■ **Information given**:

BEGIN

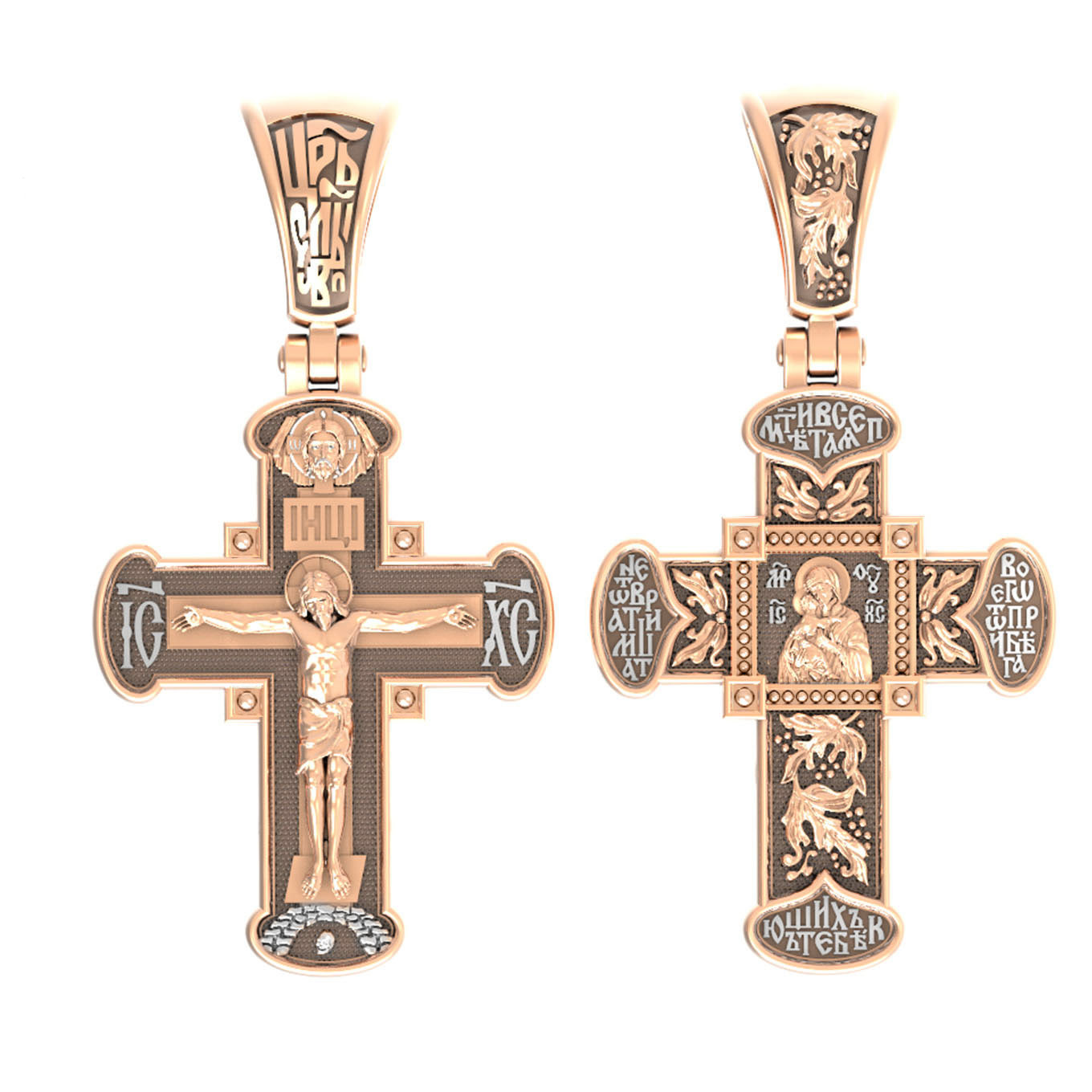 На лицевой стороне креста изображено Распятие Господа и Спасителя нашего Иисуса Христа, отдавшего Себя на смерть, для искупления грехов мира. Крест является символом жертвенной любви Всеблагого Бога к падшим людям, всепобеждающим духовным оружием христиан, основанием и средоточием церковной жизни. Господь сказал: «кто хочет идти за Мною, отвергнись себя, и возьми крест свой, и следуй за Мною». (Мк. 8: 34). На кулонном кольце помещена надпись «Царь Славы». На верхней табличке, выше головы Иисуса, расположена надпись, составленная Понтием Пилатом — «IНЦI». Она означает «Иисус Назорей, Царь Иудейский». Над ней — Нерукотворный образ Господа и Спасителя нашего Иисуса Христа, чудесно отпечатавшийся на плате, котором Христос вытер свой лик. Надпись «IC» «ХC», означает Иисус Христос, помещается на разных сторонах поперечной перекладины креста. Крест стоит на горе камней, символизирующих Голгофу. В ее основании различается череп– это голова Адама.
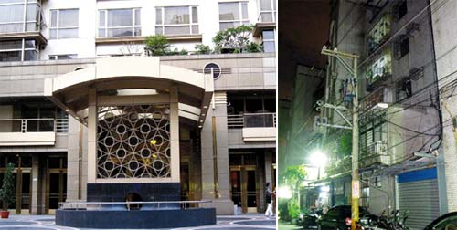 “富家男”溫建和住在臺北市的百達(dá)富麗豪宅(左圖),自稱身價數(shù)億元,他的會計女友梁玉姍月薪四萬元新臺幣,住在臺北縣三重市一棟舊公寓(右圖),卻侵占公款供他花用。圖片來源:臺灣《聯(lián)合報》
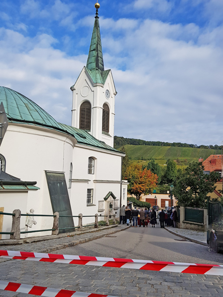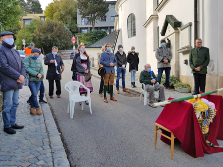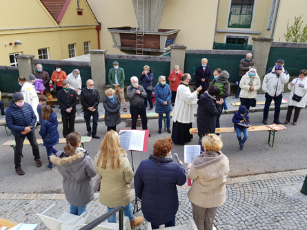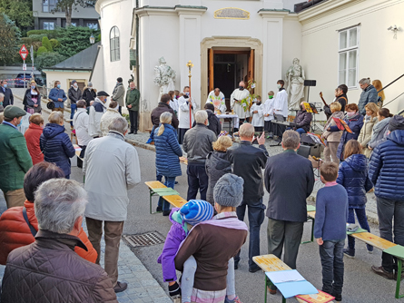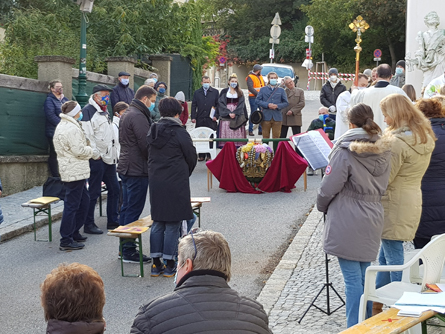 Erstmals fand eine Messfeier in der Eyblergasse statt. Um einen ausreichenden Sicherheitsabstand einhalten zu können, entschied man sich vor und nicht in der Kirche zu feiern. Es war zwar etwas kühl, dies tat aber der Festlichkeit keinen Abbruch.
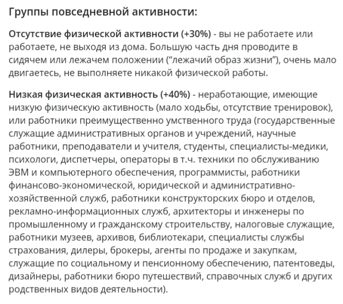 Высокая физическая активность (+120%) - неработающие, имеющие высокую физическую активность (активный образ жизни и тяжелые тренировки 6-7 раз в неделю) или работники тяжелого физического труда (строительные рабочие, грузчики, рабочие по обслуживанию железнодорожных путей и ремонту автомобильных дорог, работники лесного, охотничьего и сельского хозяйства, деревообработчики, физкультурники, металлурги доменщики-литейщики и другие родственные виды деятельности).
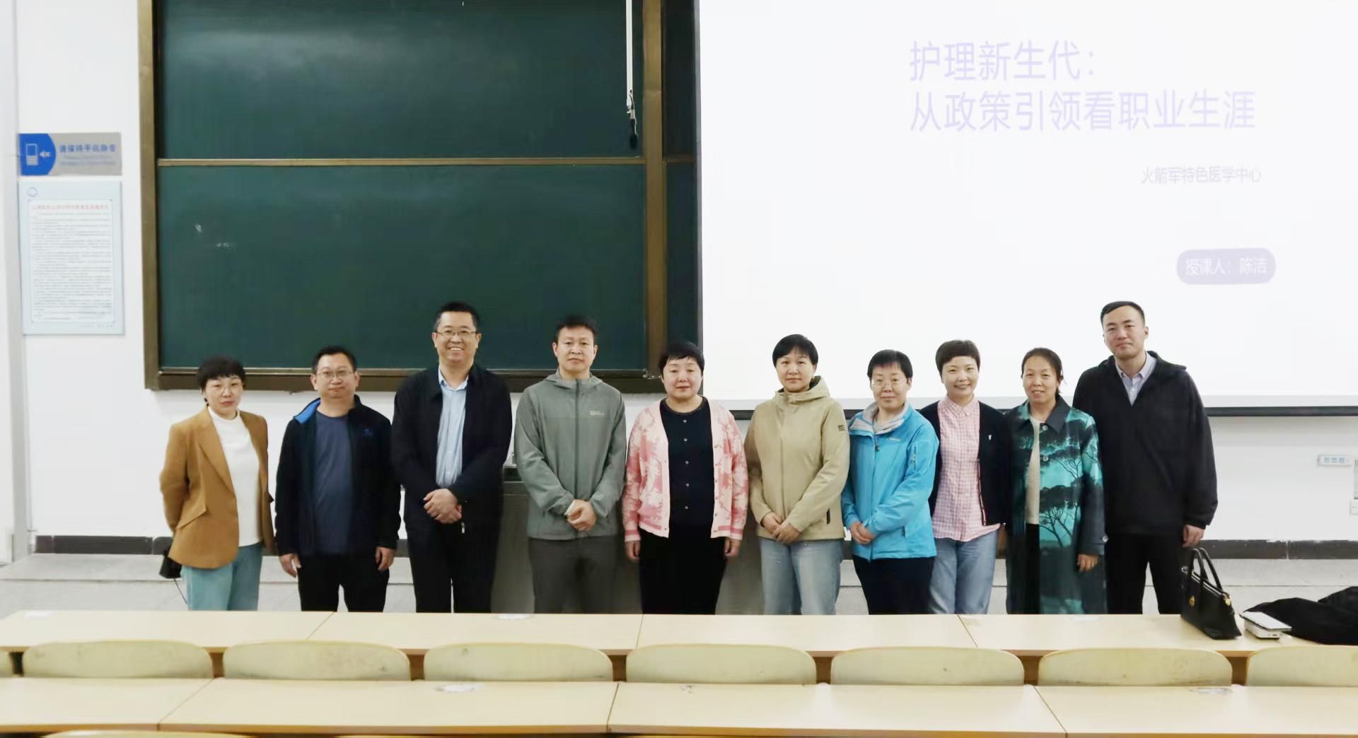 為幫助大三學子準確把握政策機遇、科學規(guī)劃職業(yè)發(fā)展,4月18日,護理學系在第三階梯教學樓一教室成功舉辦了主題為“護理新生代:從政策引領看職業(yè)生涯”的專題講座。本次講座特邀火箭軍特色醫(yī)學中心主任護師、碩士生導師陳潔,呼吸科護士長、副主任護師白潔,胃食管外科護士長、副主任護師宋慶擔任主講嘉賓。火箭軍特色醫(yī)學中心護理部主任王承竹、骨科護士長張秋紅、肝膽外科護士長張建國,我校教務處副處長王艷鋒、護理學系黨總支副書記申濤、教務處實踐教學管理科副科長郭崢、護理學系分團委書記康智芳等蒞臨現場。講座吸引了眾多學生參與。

END
BEGIN

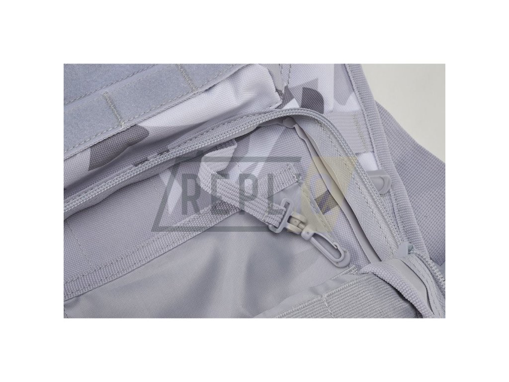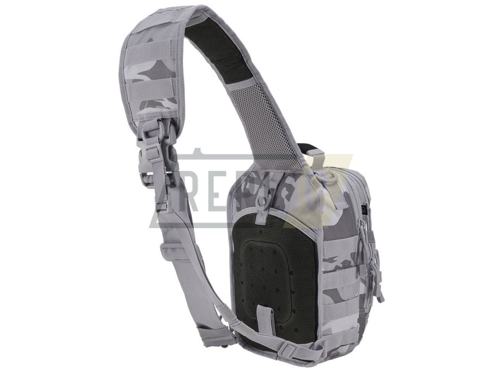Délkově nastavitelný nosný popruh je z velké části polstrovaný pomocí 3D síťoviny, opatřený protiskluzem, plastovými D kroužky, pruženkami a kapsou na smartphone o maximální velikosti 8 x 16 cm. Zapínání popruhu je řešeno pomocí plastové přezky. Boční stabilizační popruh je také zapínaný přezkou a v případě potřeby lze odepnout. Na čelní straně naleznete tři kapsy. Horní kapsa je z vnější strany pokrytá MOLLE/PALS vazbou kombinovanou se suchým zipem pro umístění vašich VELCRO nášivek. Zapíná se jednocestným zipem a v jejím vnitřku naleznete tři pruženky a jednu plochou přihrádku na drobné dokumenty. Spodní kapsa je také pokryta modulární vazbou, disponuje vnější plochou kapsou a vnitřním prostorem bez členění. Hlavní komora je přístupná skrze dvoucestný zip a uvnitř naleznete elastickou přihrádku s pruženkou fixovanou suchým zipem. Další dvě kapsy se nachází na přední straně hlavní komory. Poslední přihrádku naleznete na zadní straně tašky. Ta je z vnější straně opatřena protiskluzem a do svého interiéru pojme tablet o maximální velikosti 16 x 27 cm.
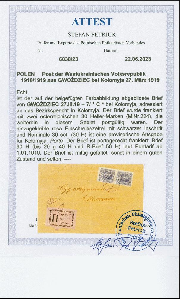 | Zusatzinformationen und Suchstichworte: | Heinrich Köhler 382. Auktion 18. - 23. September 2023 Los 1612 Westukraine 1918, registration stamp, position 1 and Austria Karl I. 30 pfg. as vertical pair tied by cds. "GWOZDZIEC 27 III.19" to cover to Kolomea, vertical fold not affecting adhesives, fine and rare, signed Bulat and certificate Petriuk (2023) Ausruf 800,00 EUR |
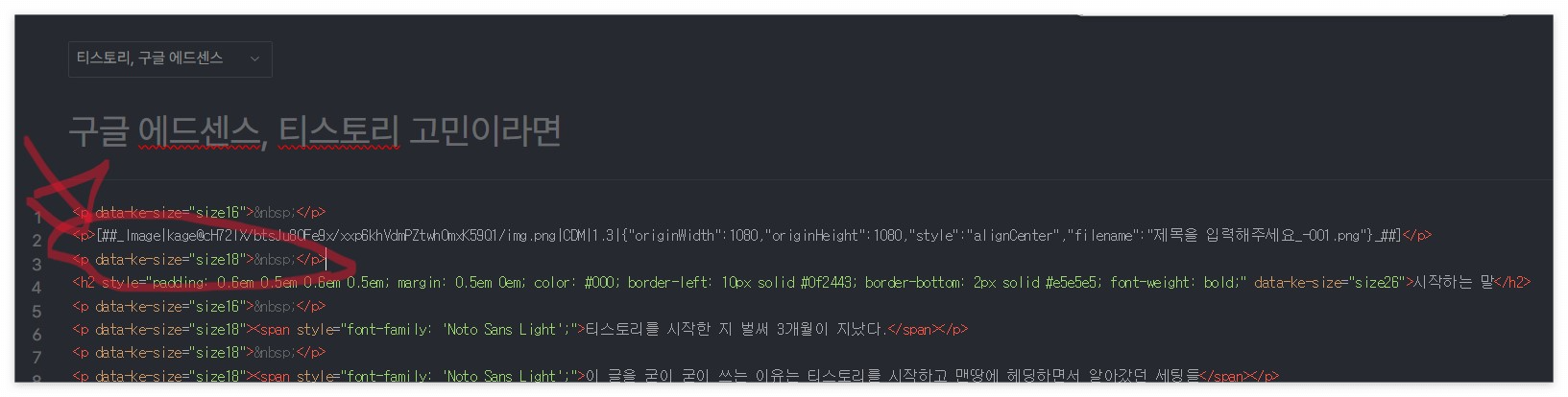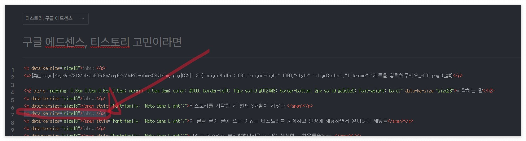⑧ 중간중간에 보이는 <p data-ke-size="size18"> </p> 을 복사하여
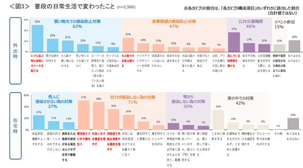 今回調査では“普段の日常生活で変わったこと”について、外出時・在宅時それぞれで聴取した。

END
BEGIN

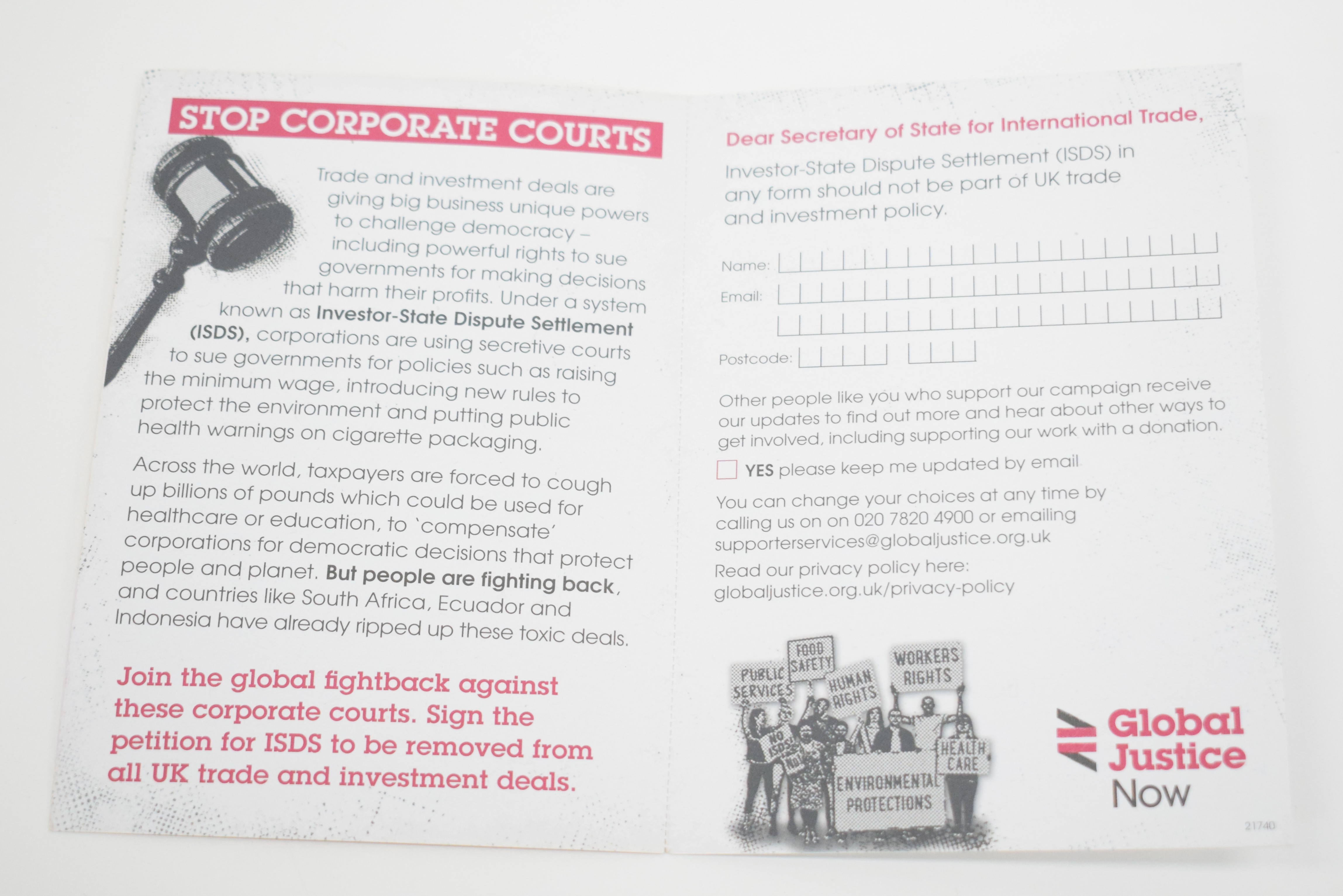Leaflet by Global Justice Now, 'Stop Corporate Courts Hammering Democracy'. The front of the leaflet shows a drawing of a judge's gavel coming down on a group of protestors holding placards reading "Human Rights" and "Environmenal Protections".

END

■ **Task brief**: Copy only what runs above from the line containing "На лицевой стороне" through the line containing "Erstmals fand eine", exactly. Leave out the pictures.

■ **Answer section**:
 На лицевой стороне креста изображено Распятие Господа и Спасителя нашего Иисуса Христа, отдавшего Себя на смерть, для искупления грехов мира. Крест является символом жертвенной любви Всеблагого Бога к падшим людям, всепобеждающим духовным оружием христиан, основанием и средоточием церковной жизни. Господь сказал: «кто хочет идти за Мною, отвергнись себя, и возьми крест свой, и следуй за Мною». (Мк. 8: 34). На кулонном кольце помещена надпись «Царь Славы». На верхней табличке, выше головы Иисуса, расположена надпись, составленная Понтием Пилатом — «IНЦI». Она означает «Иисус Назорей, Царь Иудейский». Над ней — Нерукотворный образ Господа и Спасителя нашего Иисуса Христа, чудесно отпечатавшийся на плате, котором Христос вытер свой лик. Надпись «IC» «ХC», означает Иисус Христос, помещается на разных сторонах поперечной перекладины креста. Крест стоит на горе камней, символизирующих Голгофу. В ее основании различается череп– это голова Адама.
 “富家男”溫建和住在臺北市的百達(dá)富麗豪宅(左圖),自稱身價數(shù)億元,他的會計女友梁玉姍月薪四萬元新臺幣,住在臺北縣三重市一棟舊公寓(右圖),卻侵占公款供他花用。圖片來源:臺灣《聯(lián)合報》
 Erstmals fand eine Messfeier in der Eyblergasse statt. Um einen ausreichenden Sicherheitsabstand einhalten zu können, entschied man sich vor und nicht in der Kirche zu feiern. Es war zwar etwas kühl, dies tat aber der Festlichkeit keinen Abbruch.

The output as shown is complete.